You might say that the recent news stories of a young adult killing himself, or a VC having a public psychotic break on Twitter, or people despairing the death of a companion when a model is changed are just anecdotes. Our Rationalist EA overlords demand you make “arguments with data.” OK Fine. Here’s an IRB approved randomized trial showing that chatbots immiserate people. Now what?
The answer is pretty simple. The actually safe thing, that would probably cost these guys money, is aborting more conversations. If a system detects that a person is talking about suicide, is getting too emotionally involved with their computer, or is experiencing any symptoms of psychosis, abort the conversation.
Someone might retort, “Oh, that problem is too hard.” Don’t believe them. I know it is possible because Claude, Anthropic’s chatbot, aborts any conversation about biology with extreme prejudice. The EA sect running the safety team at Claude has decided that the most dangerous potential safety issue with chatbots is their aiding the manufacture of bioweapons. I don’t know why this particular scenario caught so much traction in the EA group chats, but the Anthropic folks will not be responsible for a bioweapons attack. Ask Claude any basic question about biology and it will abort. Here’s one submitted by an exasperated friend of the blog:
See, easy.
ChatGPT could do this too. If someone starts asking questions about suicide, it can just say, “This issue is too sensitive. I am ending the conversation. Here’s a suicide helpline.” OpenAI has proven that their half-assed safety measures aren’t safe.

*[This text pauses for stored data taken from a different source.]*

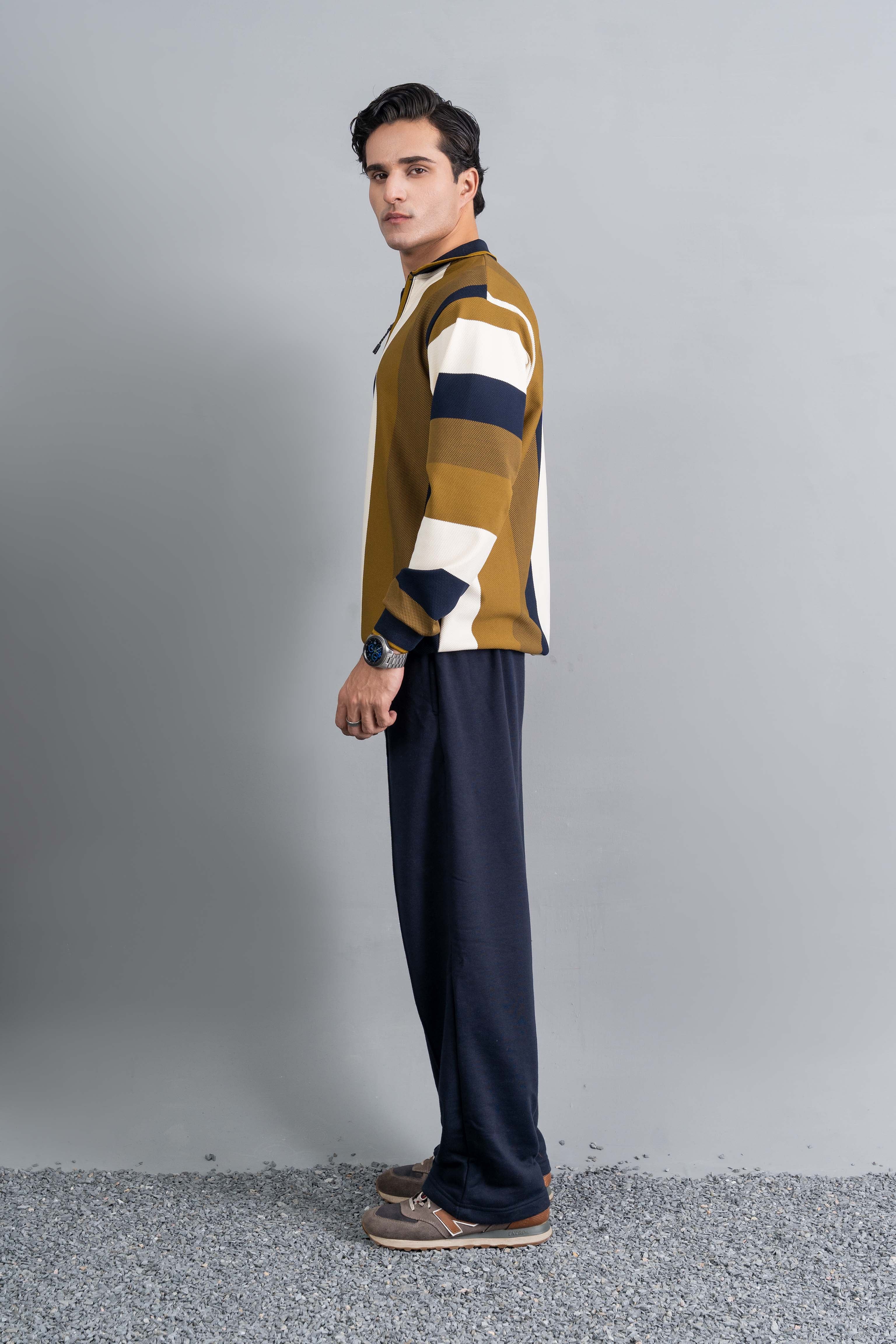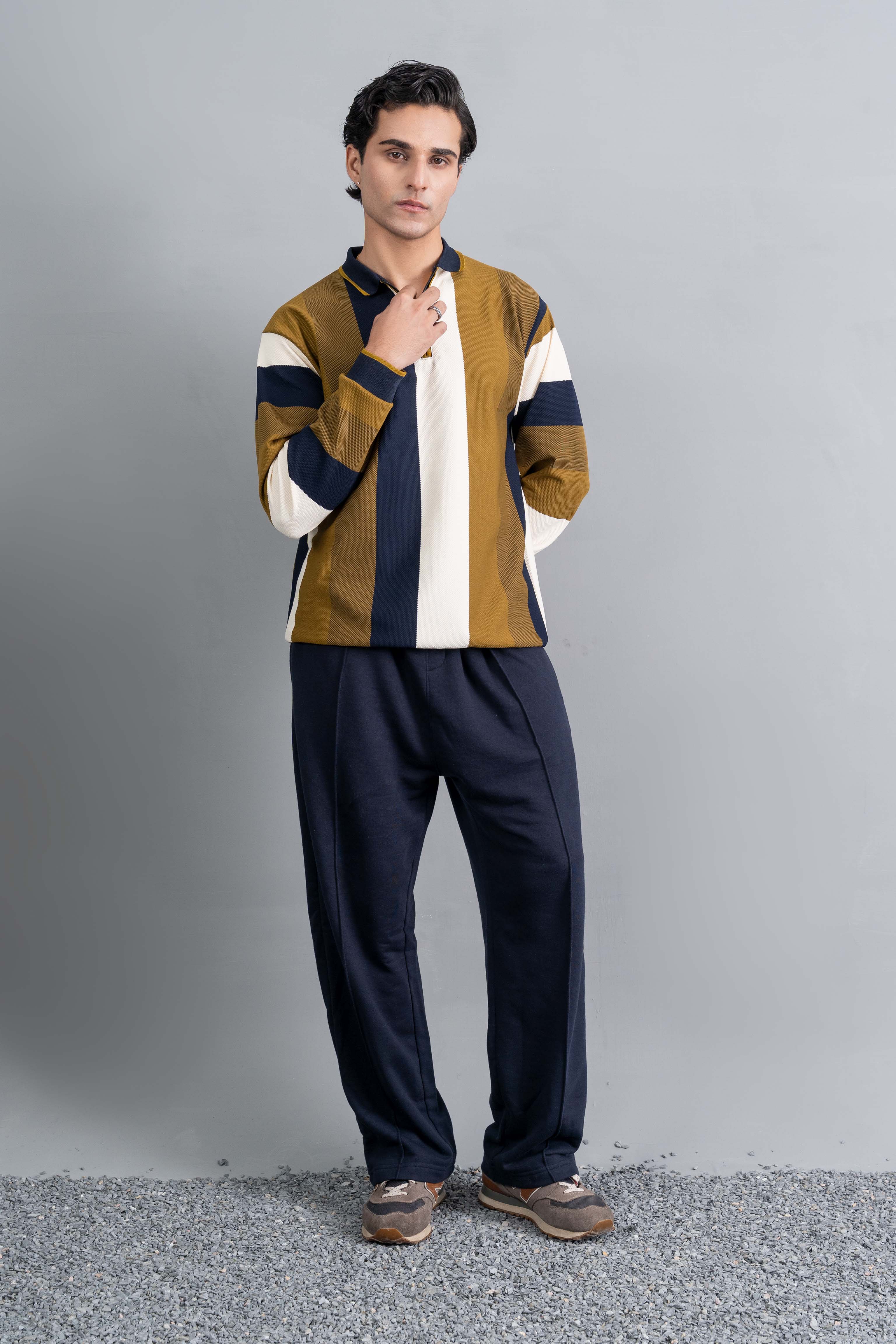 A modern co-ord pairing featuring a bold striped sweatshirt in navy, mustard and ivory, matched with relaxed fit navy trousers for a clean, effortless look. Ideal for daily wear with comfort, movement and style balanced in one outfit.
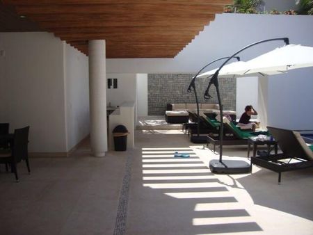 1 alberca en el edificio y otra frente a la playa, cancha de padel y de tenis, club de playa.
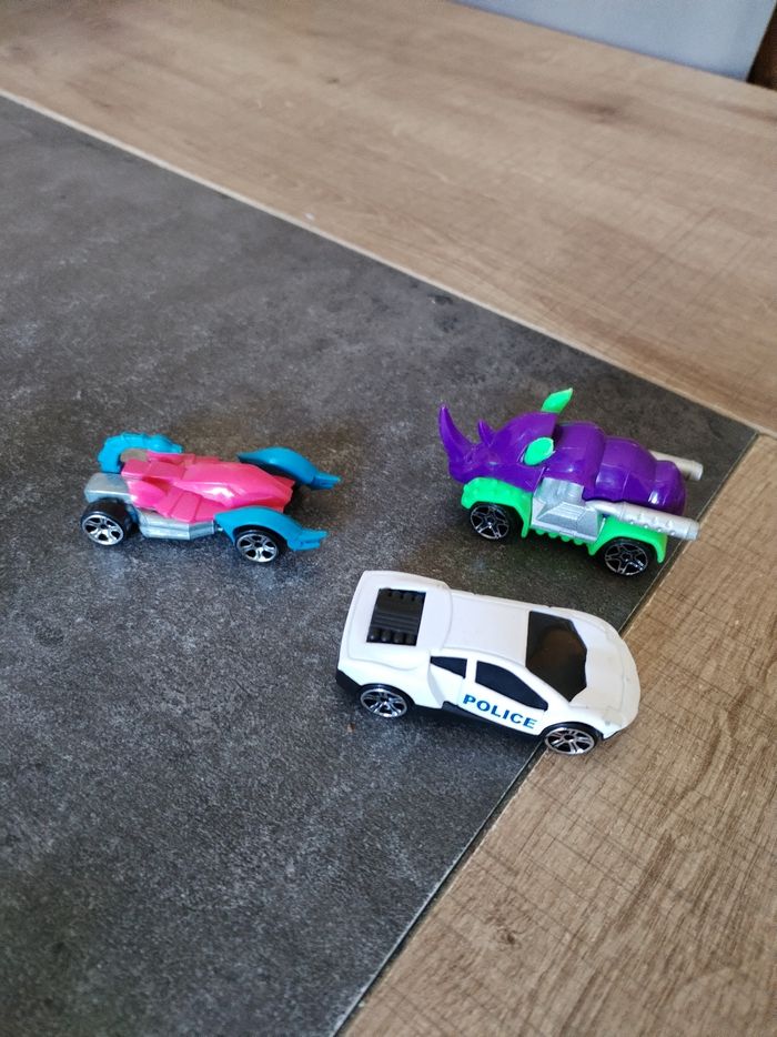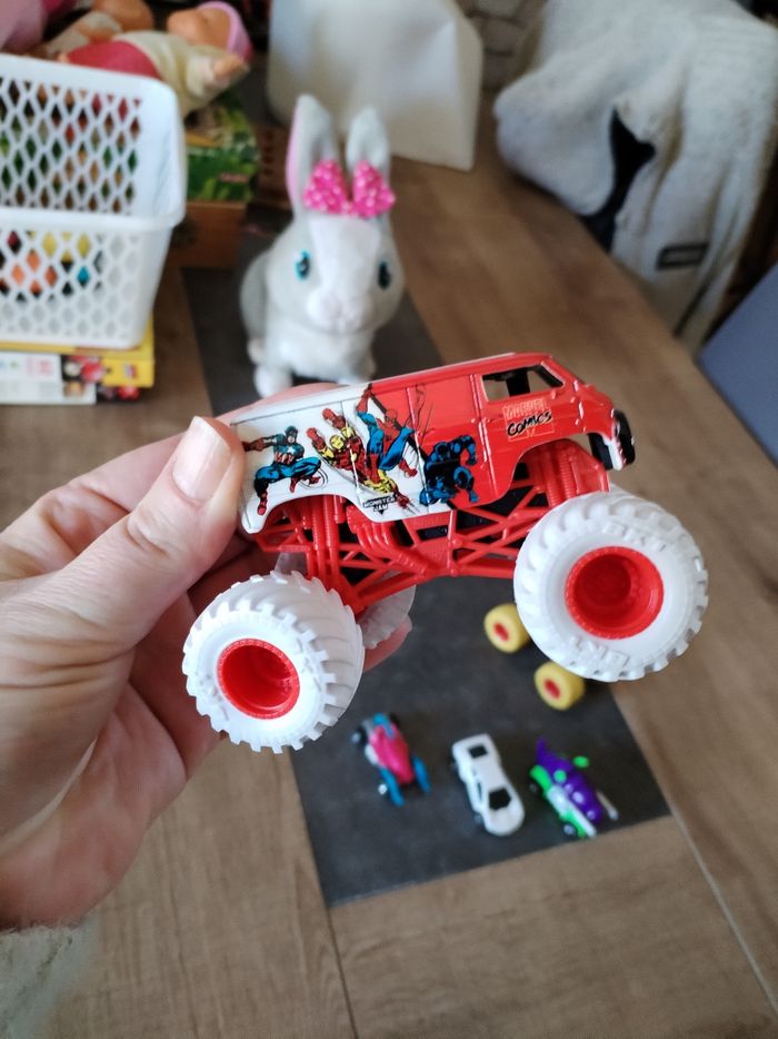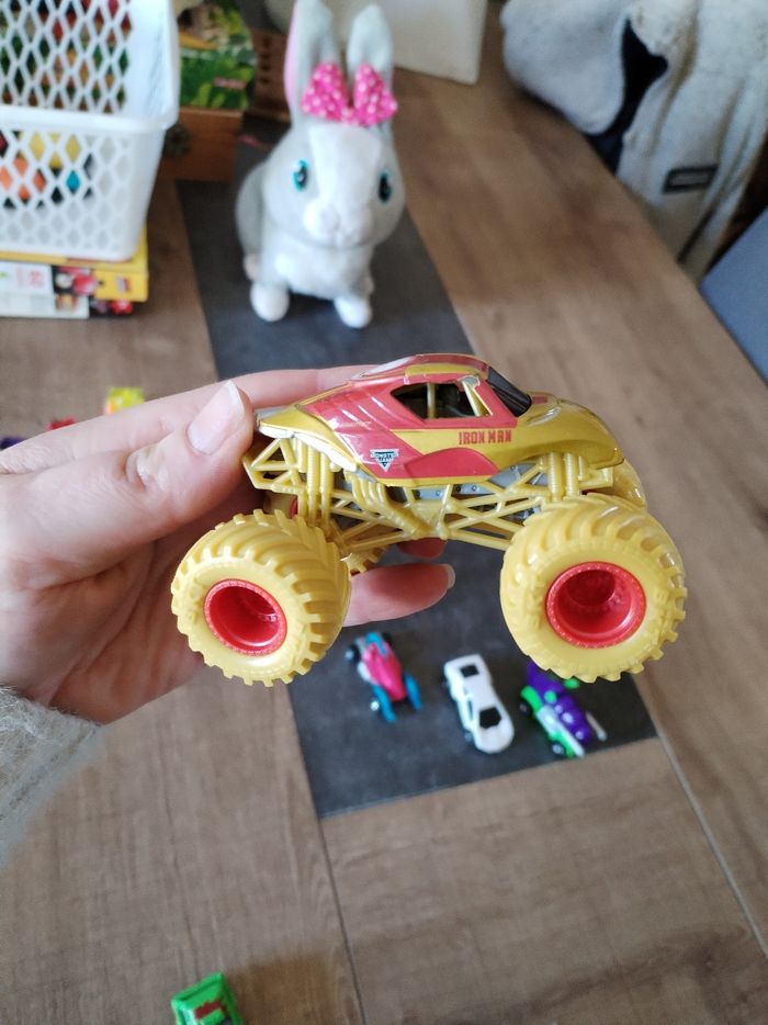 Lot 3 jolies petites voitures et 2 monster truck marvel en parfait état

Now, it’s obvious why they don’t want to implement these “safety” features. The corporate decisions by Facebook and Elon’s AI company tell us that AI companions are probably where the money is. OpenAI isn’t going to leave that money on the table. While their sponsors at Microsoft would love it if they could just make trillions on Clippy 2.0 (see this embarrassing Twitter thread from the CEO), OpenAI can’t let Zuck or Elon get the upper hand in the companion market.
But there is nothing “safe” about AI Companions. They are not “harmless.” They are products sold under false advertising.
Jessica Dai, who wrote a remarkably prescient essay about all this two years ago, took to Twitter last week and proclaimed:
“two years ago I wrote an essay about ~alignment~ and I was right about almost everything except for the parts where I was being nice to the companies … morals of the story (1) I’m a superforecaster you should listen to me and (2) never be nice about ai companies.”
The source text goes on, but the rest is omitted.